In taking this action, the FTC overruled its own Chief Administrative Law Judge, who had previously dismissed the FTC’s Complaint against LabMD last November.  Following an administrative trial,  Judge D. Michael Chappell issued a detailed, 95-page initial decision in which he concluded that LabMD’s data security practices did not “cause,” or were not “likely to cause,” “substantial consumer injury” in violation of Section 5 of the FTC Act.

In reversing Judge Chappell’s ruling, the FTC found that he had “applied the wrong legal standard for unfairness.”  While the FTC detailed a variety of LabMD’s conduct (or lack thereof) as being unfair under Section 5, the FTC appeared to focus on a single breach (and the multitude of ways that LabMD could have prevented that breach): that a file containing “1,718 pages of sensitive personal information for approximately 9,300 consumers” was accessed via a peer-to-peer (P2P) file sharing application from one of LabMD’s billing managers.

After the FTC issued its 37-page opinion, LabMD’s CEO Michael Daugherty indicated that LabMD will appeal the FTC’s opinion to federal court.

The Underlying Data Security Issues

As described more fully in the FTC’s opinion, LabMD operated as a clinical laboratory which ran tests on medical samples, and then sent the test reports to its clients, which consisted primarily of physicians.  In the course of its testing, LabMD collected personal information (such as social security numbers and dates of birth), medical information (such as diagnosis codes and physician orders), and financial information (such as copies of personal checks and credit and debit card numbers) for over 750,000 patients.

In 2005, a billing manager at LabMD downloaded a P2P file-sharing program, LimeWire, which was used primarily for downloading and listening to music files. Years later, in February 2008, a forensic analyst working for a data security company called Tiversa Holding Company (Tiversa), used LimeWire to download a file from a LabMD IP address.  That file contained “1,718 pages of sensitive personal information for approximately 9,300 customers, including their names, dates of birth, social security numbers, ‘CPT’ codes designating specific medical tests and procedures for lab tests conduct by LabMD, and, in some instances, health insurance company names, addresses, and policy numbers” (the 1718 file).  The Tiversa forensic analyst also downloaded other LabMD documents through LimeWire, three of which contained sensitive personal information.
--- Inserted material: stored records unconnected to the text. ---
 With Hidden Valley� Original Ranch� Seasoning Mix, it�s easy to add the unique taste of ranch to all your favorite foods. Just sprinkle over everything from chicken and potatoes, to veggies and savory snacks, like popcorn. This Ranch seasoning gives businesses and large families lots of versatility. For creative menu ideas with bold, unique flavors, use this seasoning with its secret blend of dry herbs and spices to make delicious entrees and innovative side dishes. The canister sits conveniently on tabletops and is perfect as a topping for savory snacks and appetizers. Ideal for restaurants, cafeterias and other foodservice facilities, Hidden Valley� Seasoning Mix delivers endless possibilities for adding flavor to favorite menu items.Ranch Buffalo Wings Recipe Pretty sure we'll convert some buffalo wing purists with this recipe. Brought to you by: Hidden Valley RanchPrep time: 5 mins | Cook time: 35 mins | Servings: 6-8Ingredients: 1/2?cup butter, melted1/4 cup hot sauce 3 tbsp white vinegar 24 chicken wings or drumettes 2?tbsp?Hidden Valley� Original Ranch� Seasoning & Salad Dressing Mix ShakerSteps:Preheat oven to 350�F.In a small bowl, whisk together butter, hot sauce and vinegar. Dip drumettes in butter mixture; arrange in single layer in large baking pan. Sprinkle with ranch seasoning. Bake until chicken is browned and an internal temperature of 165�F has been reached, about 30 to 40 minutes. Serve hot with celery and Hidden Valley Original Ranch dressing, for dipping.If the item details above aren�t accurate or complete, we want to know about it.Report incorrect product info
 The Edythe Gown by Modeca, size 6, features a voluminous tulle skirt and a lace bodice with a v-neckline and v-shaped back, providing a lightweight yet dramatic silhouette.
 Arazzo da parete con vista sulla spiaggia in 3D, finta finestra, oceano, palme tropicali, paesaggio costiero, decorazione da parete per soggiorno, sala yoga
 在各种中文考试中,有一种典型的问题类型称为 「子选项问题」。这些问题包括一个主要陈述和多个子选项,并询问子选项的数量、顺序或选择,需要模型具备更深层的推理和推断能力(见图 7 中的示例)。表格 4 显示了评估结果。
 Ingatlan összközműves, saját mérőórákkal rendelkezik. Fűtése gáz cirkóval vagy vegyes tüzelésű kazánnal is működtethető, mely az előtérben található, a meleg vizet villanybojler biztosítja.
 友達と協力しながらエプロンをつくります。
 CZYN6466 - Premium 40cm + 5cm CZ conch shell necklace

In May 2008, Tiversa contacted LabMD to inform it that the 1718 file was exposed via LimeWire. Tiversa subsequently solicited LabMD’s business for data security services on multiple occasions, and after LabMD refused, Tiversa reported LabMD to the FTC.
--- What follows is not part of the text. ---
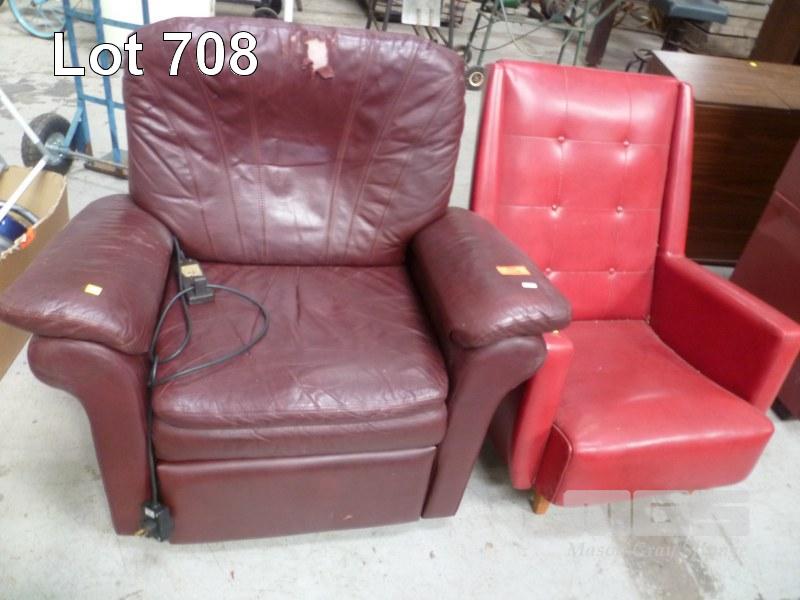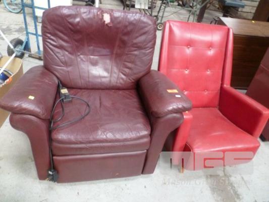 BURGUNDY LEATHER ELECTRIC RECLINER, (TORN) & RED VINYL ARM CHAIR
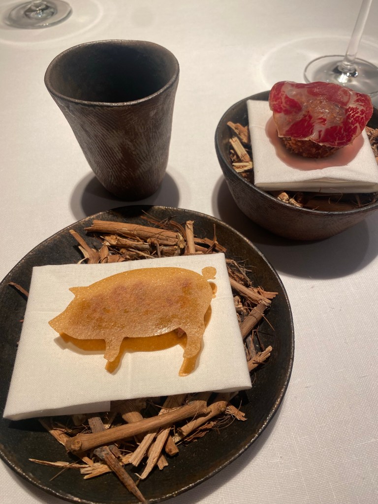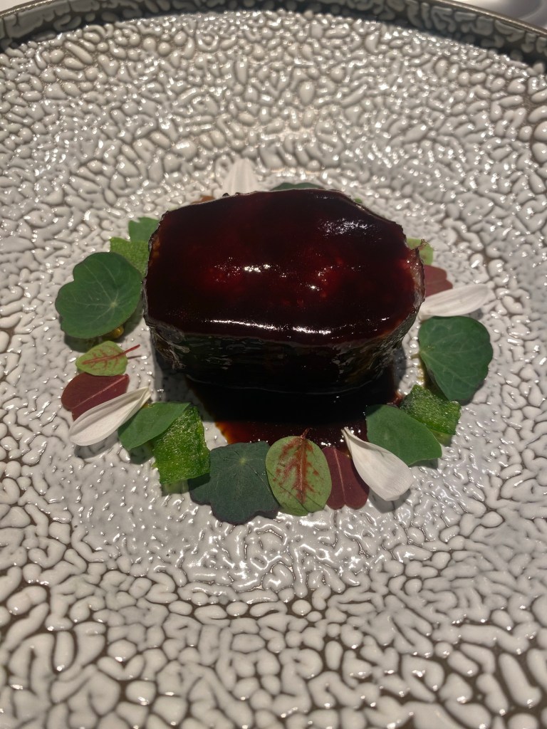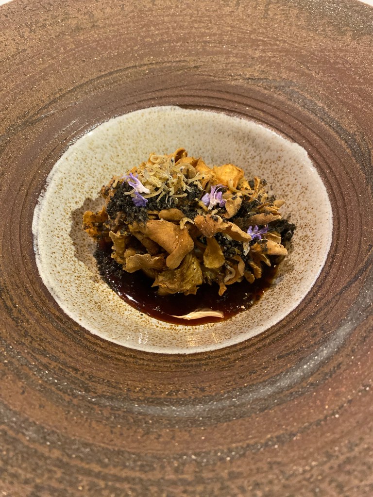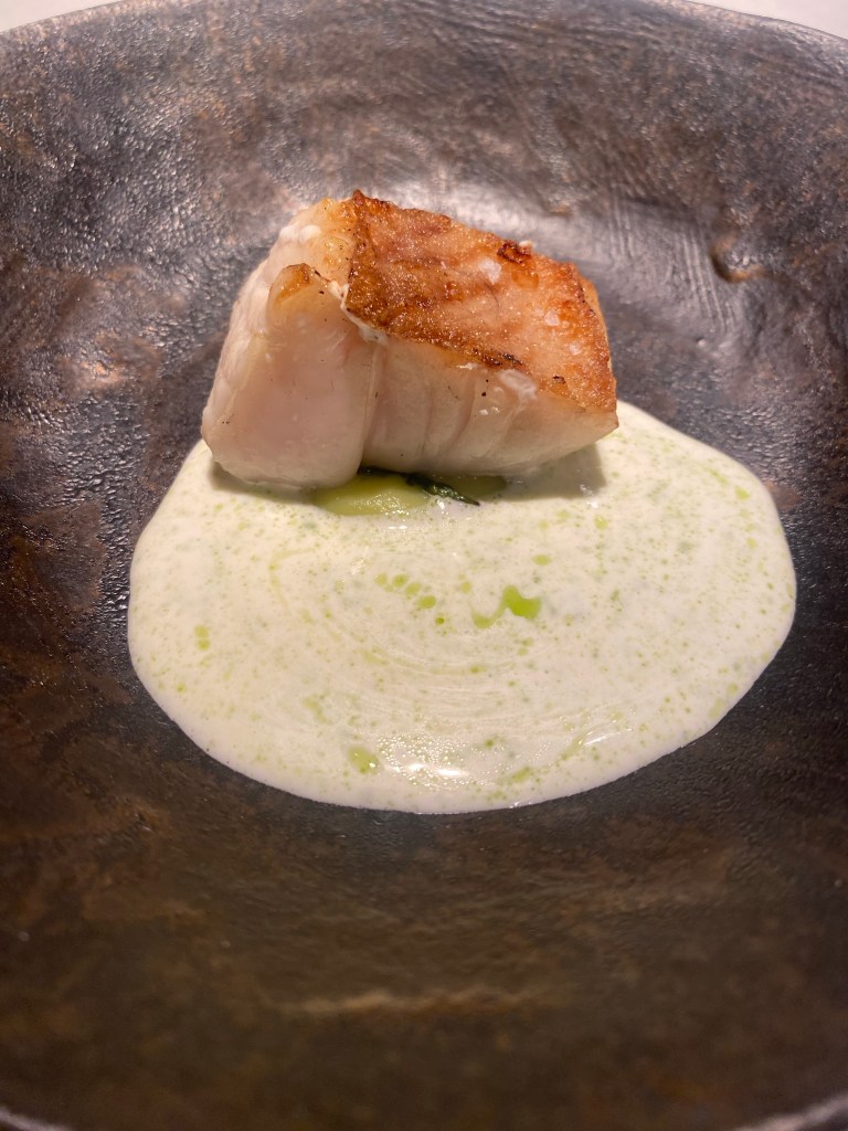 Tampoco se queda atrás una merluza de pincho curada, absolutamente única, con crema de coliflor ahumada y fioretto sobre la que rallan trufa negra de embriagador aroma. Solo eso, y hago un inciso: no sé qué me pasa este año y no sé si le ocurre a alguien más, pero el aroma es fascinante y el sabor casi inexistente.

LabMD conducted its own internal investigation where it discovered that the 1718 file was accessed via the billing manager’s computer because she had allowed all the contents of her “My Documents” folder to be shared on LimeWire. Despite this discovery, the company did not notify any of the consumers identified in the 1718 file and waited until 2010 to retain an independent security firm to perform penetration tests of its systems.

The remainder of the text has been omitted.